Worboys victims get payout ruling
Two women who were seriously sexually assaulted by London cabbie John Worboys will learn today whether they are a step nearer in their bid for compensation from the Metropolitan Police.
One of the women, identified only as DSD, was the first of Worboys' victims to make a complaint to the Met in 2003 - although a woman went to the City of London police the previous year - while the other, NBV, contacted them after she was attacked in July 2007.
In the intervening four years, Worboys, who was jailed for life in 2009, attacked 74 other women, Phillippa Kaufmann QC told the High Court in London in November.
DSD and NBV both want declarations that the Met has acted incompatibly with their rights under Articles 3 and 8 of the Human Rights Act - which relate to inhuman treatment and right to privacy - and damages.
DSD alleges that she suffered a depressive disorder as a result of her treatment by officers during the 2003 investigation.
Ms Kaufmann said: "She suffered great anxiety and distress believing that those around her believed she had lied about the incident. She questioned her sanity.
"In 2008 she suffered an adjustment disorder triggered in large part by the sense of guilt which overwhelmed her when she realised how many other women John Worboys had gone on to attack."
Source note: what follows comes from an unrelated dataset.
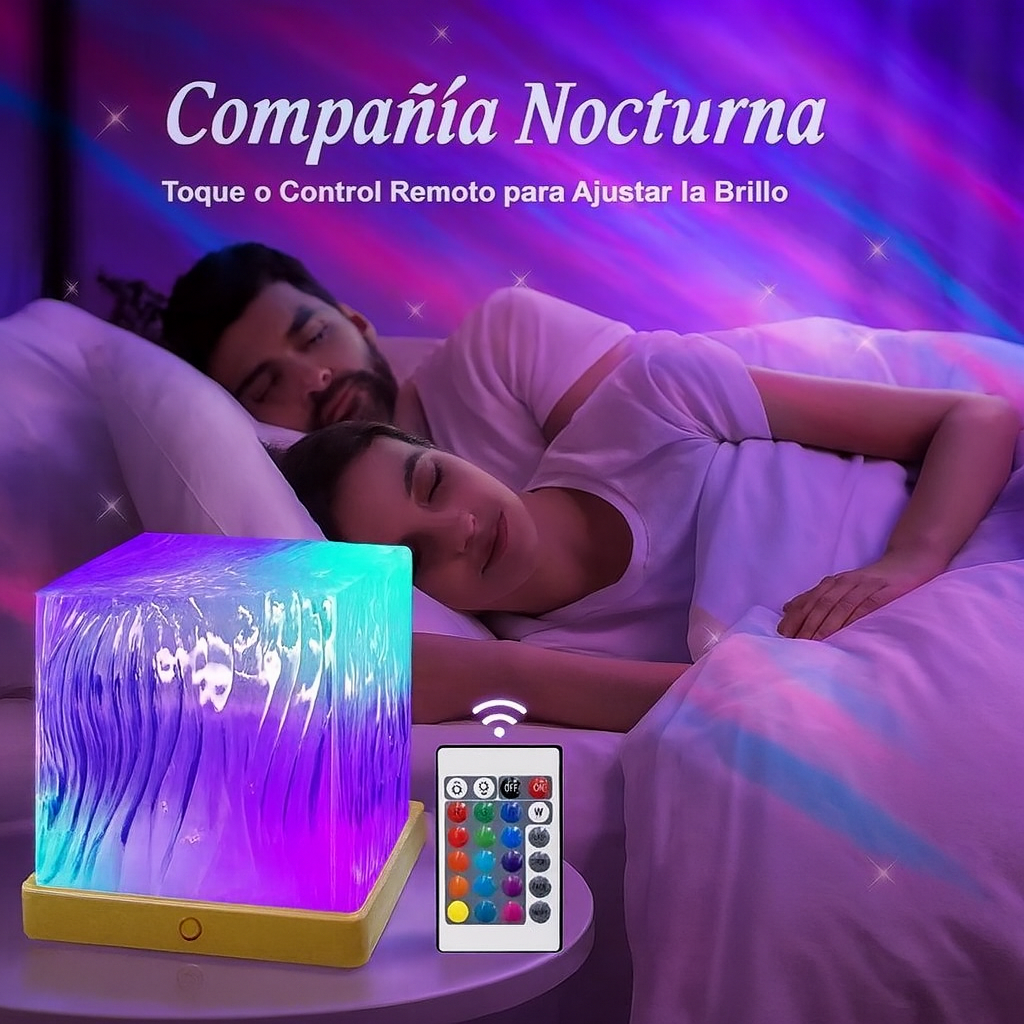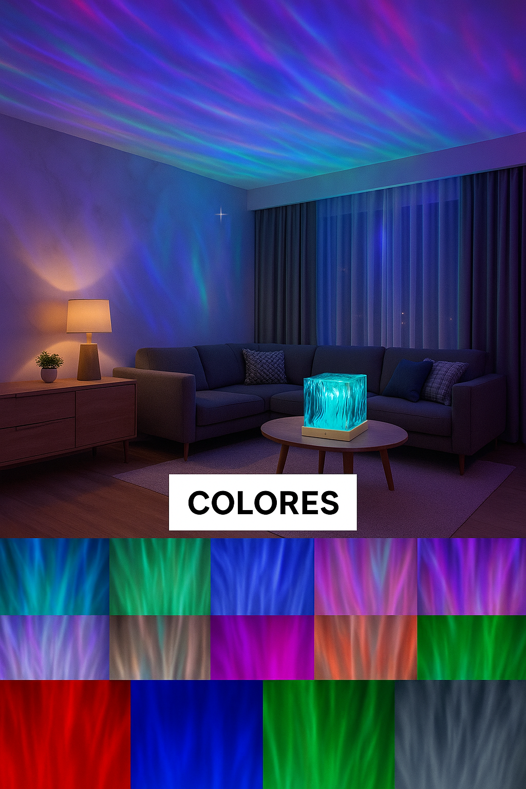 Inspirada en las auroras boreales, su luz fluida proyecta colores suaves y envolventes que reducen la ansiedad, relajan los músculos y equilibran el estado de ánimo.

NBV claims she suffered serious distress, anxiety, guilt and an exacerbation of post traumatic disorder and depression as a result of her treatment by officers during 2007.
After the attack on NBV, Worboys was arrested but released and went on to attack a further 29 women before being re-arrested in February 2008 and prosecuted.
Ms Kaufmann told Mr Justice Green that there were five further complaints to the Met between the attacks on DSD and NBV and another three after the attack on NBV as well as an allegation of kerb crawling in 2006 which the police had linked to Worboys.
In total, it was believed that Worboys had committed about 105 offences over the period between 2002 and 2008.
The Independent Police Complaints Commission (IPCC) later looked at the the police investigation involving Worboys but only in relation to DSD and NBV, and its review left "an awful lot to be desired" in picking up the nature and extent of police failings, said counsel.
"From the outset in 2003 when DSD's case was investigated, it was characterised by grave failings with the result that a crucial opportunity to catch Worboys and stop him in his tracks was lost, before he went on to go and commit offences against 105 women who were at their most vulnerable, sitting in the back of his cab in the early hours, returning to their homes."
The five further complaints before 2007, with their similar accounts of assault by a black cab driver, were linked by a remarkably similar modus operandi, which was "peculiar and unique" in its method and an easy link to make if enquiries were properly made at the time, Ms Kaufmann said.
"Ultimately, we will show that in relation to investigations conducted into each complaint, they were flawed at the most fundamental level.
"The claimants and the rest of London's female population were ill-served".
Ms Kaufmann said that until it was understood why the women were failed so badly, it was impossible to begin to tackle and eradicate the causes of that failure.
"Until they are eradicated then the women of London are not going to have faith in the Metropolitan Police when they come with complaints that they have been subjected to sexual assaults."
Counsel said it was recognised that, since the Worboys case, the Met, which does not dispute there were many failings, had done a great deal to improve rape investigations in London.
Their lawyers said the contested hearing was not a "quasi public inquiry" but concerned narrow questions about the law in relation to investigative obligation under Article 3.
A decision in the case will be announced by a High Court judge in London.